Yes you do! Whether your organisation is a large or small employer, or you are self-employed you need to ensure that you’re up to date with the way in which to identify any hazards and control any risks that are present in your place of work.You can get assistance from your relevant trade association, local Chamber of Commerce, or the HSE. You have responsibilities in respect of consulting your employees, or representatives of your employees, on health and safety issues. Health and safety courses such as NEBOSH and IOSH managing safely give guidance on these issues. We have more specific courses such as asbestos awareness training and now asbestos online training available for workers who may come into contact with hazardous substances.
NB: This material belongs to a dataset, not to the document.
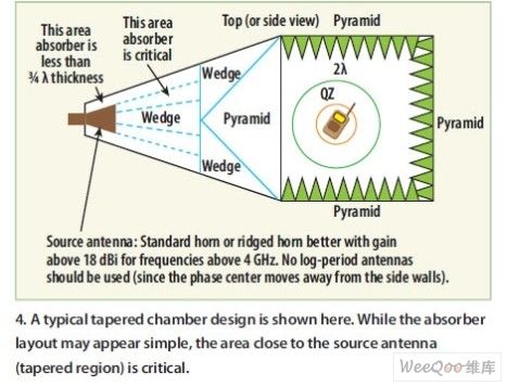 圖4:在典型的錐形暗室中,吸波材料的布局看起來很簡單,但離源天線較近的區(qū)域(錐形暗區(qū)域)非常重要。

If you employ managers and supervisors they will almost certainly require a degree of ongoing training. They must understand what is expected of them in regards to health and safety and how to deliver it effectively to the rest of the work-force. Managers and supervisors must understand the health and safety policy, what there role is within it, and how health and safety is to be managed. They perhaps also require training in unique hazards of your business and how to control any risks associated with these processes.

Employees require training also. Every individual who works for you, including self-employed workers, need to know how to operate safely and without any risks to their or others health. In the same way as supervisors, they must know about the health and safety policy, all arrangements for implementing it, and the role that they play. In addition, they should also be aware of how to raise any health and safety concerns with you. You should always take into account the capabilities, training, knowledge and experience of employees and ensure that the applications of the work do not go beyond their capability to accomplish their job without risk to themselves and others.

Some workers may have specific training requirements, for example new recruits need induction training to demonstrate how to work safely, including first aid arrangements and information on fire drills and evacuation. Also, people who are changing job roles or taking on extra responsibilities have to be aware of all recent changes to health and safety and the their implications.

Young workers too are nearly always vulnerable to incidents and often need special attention paying to their needs. Therefore, young employees’ training must be a priority. It is also very important that new, inexperienced or young employees are competently supervised.

Often employee’s skills could be updated by way of refresher training if this is available from your training provider.
The company risk assessment should pick up on any additional particular training requirements. For example, safe working practices when working at height from cherry pickers and scissor lifts will be explained in detail on the IPAF Training course.